ExxonMobil plans “large” advanced recycling facility


ExxonMobil Corp. announced on Oct. 11 that it plans to build its first large-scale advanced recycling facility, due to begin operations at its Baytown, Texas complex in late 2022.

The company is based in Irving, Texas called The facility would use their proprietary technology and have an initial capacity to recycle 30,000 tons, or 66 million pounds of plastic waste per year.

The chemical company also announced that it has plans for more advanced recycling facilities around the world with an annual capacity of 500,000 tons, or 1.1 billion pounds, by 2026.

That new £ 1.1 billion in recycling capacity, however, would be dwarfed by some of the company’s recent additions to virgin resin production in the United States

In July, for example, the company announced that its new joint venture facility near Corpus Christi, Texas, could begin production later this year with two polyethylene resin units with an annual capacity of nearly £ 3 billion.

In Baytown, the company said the trial run had proven the viability of its recycling technology. A smaller, temporary facility is already producing commercial quantities of recycled resins that are expected to be marketed by the end of the year.

“We have demonstrated our proprietary advanced recycling technology in Baytown and are expanding to deliver certified circular polymers by year-end,” said Karen McKee, President of ExxonMobil Chemical Co. “The availability of reliable advanced recycling capacity will play an important role in the fight against plastic waste in the environment, and we are evaluating large-scale deployment in other locations around the world. “

The Baytown facility will be “one of the largest recycling plants for plastic waste in North America” ​​and the future expansion of this facility will result in a more favorable regulatory and political environment.

“Operational capacity could expand rapidly if effective policies and regulations are put in place that recognize the benefits of advanced life cycle recycling for plastic waste collection and sorting systems in residential buildings and industry,” the company said.

Rules for advanced or chemical recycling, as it is also known, are an important part of lobbying plastics industry groups in Washington and state capitals, although environmental groups are skeptical of the technology. The Environmental Protection Agency opened regulation of the technology last month.

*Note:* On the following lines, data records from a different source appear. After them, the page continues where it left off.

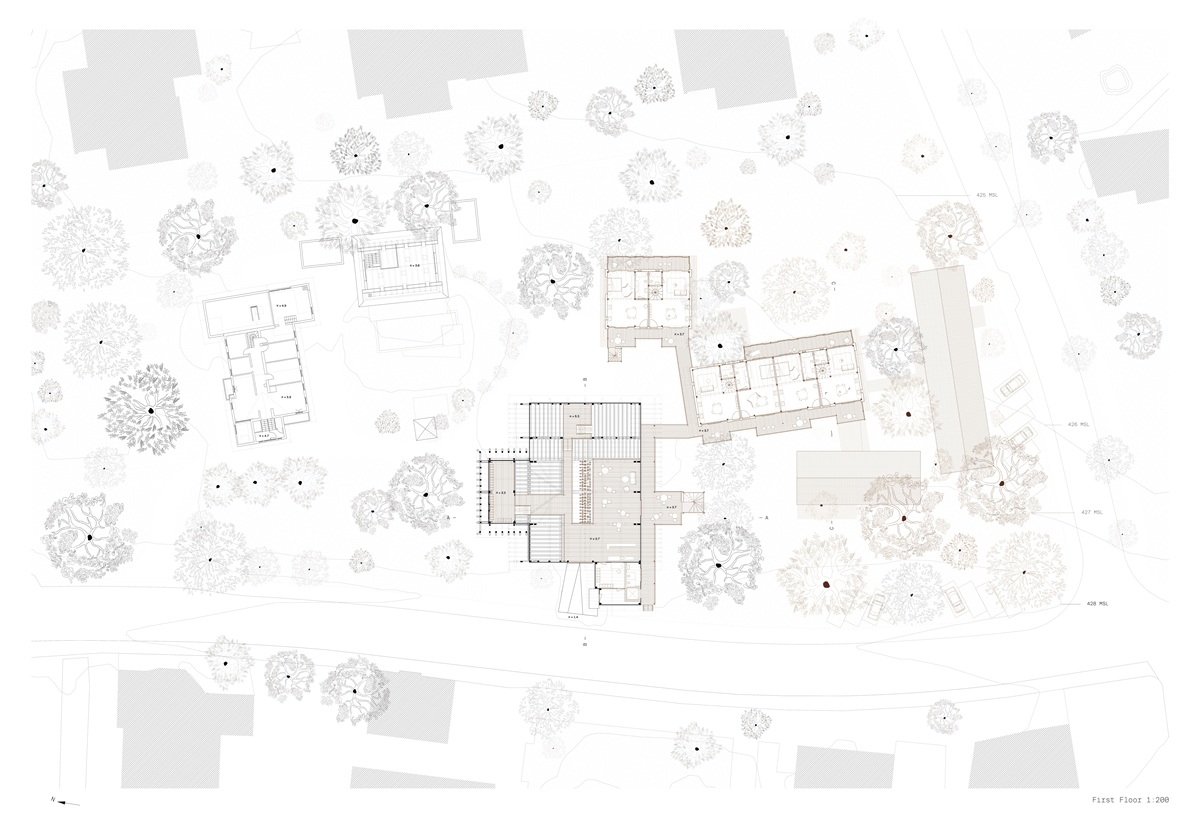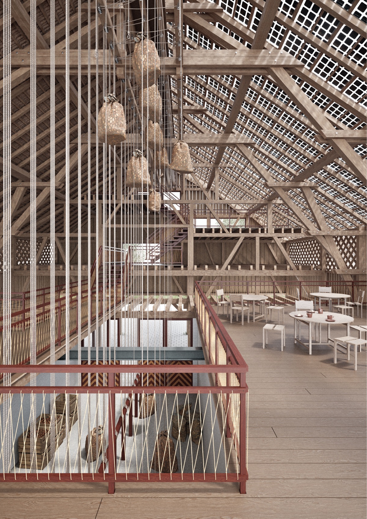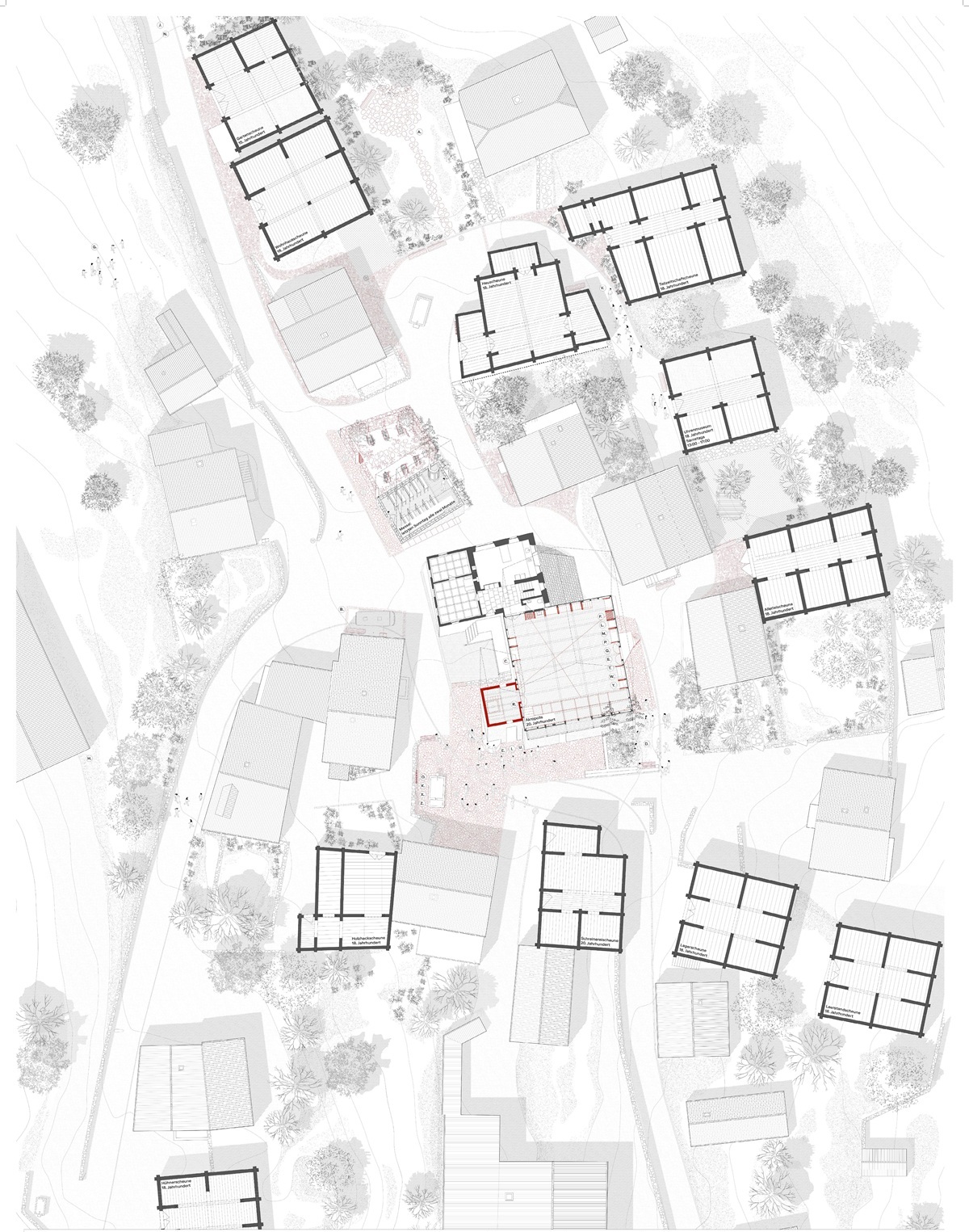 The thesis project “Zur Nuss-Oele” deals with an existing barn structure in Steinhausen. It addresses the issue of disappearing agricultural buildings in the urban context and examines how existing structures can be effectively revitalized by adaptive reuse and contextual integration. The project is based on extensive and carefully conducted research, proposing further development of the farmstead and restoration of the historic walnut oil mill, which serves as the centerpiece of the complex and is situated within the existing barn. The careful detailing of the structures enhances the project's credibility and the integration of old and new in dialogue reflects a deep understanding of architectural heritage and adaptive reuse. The design carefully balances preservation and innovation, with meticulous attention to materiality, detail, and contextual harmony. By transforming the historic walnut oil mill into a vibrant communal space under a sustainably updated roof, the project fosters a meaningful dialogue between old and new, nature and architecture.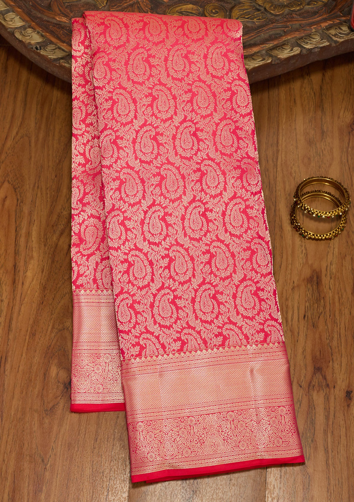 Rani Pink Silk_Saree in Silk fabric. The Silk_Saree is elevated with Zariwork (Gold) embroidery. It comes with an Unstitched blouse. Comes with the Koskii promise of premium quality.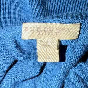 Burberry Brit women’s quarter zip sweater in blue wool with signature Burberry check elbow patches. 100% wool knit, mock neck with zipper, long sleeves, and ribbed trim. Classic, refined style with subtle designer detailing.

In general, advanced recycling uses various processes to break down polymers into their basic components in order to reassemble them into new plastic, as opposed to mechanical recycling technologies such as milling and repelletizing that have traditionally been used.

ExxonMobil’s plans to build approximately £ 1.1 billion of advanced recycling capacity worldwide over the next five years include a collaboration with Plastic Energy for a facility in France that will have a capacity of £ 55 million when commissioned in 2023.

ExxonMobil is currently exploring additional potential locations in the Netherlands, the US Gulf Coast, Canada and Singapore.

The company said it has received certifications for its recycled polymers through the International Sustainability and Carbon Certification Plus system, which uses mass balance methods.

It also referred to a joint venture it had with Agilyx Corp. to develop methods of aggregating and preprocessing large amounts of plastic waste and said it is a founding member of the Alliance to End Plastic Waste.

The recycling expansions highlighted in the October 11th statement are much smaller than ExxonMobil’s recently announced investments in US virgin plastic capabilities.

In addition to the new facility near Corpus Christi, the company added more than £ 3 billion of new polyethylene capacity between 2017 and 2019, primarily at its new facility in Mont Belvieu, Texas, with plans to add an additional £ 1 billion in 2019 Polypropylene capacity in Louisiana.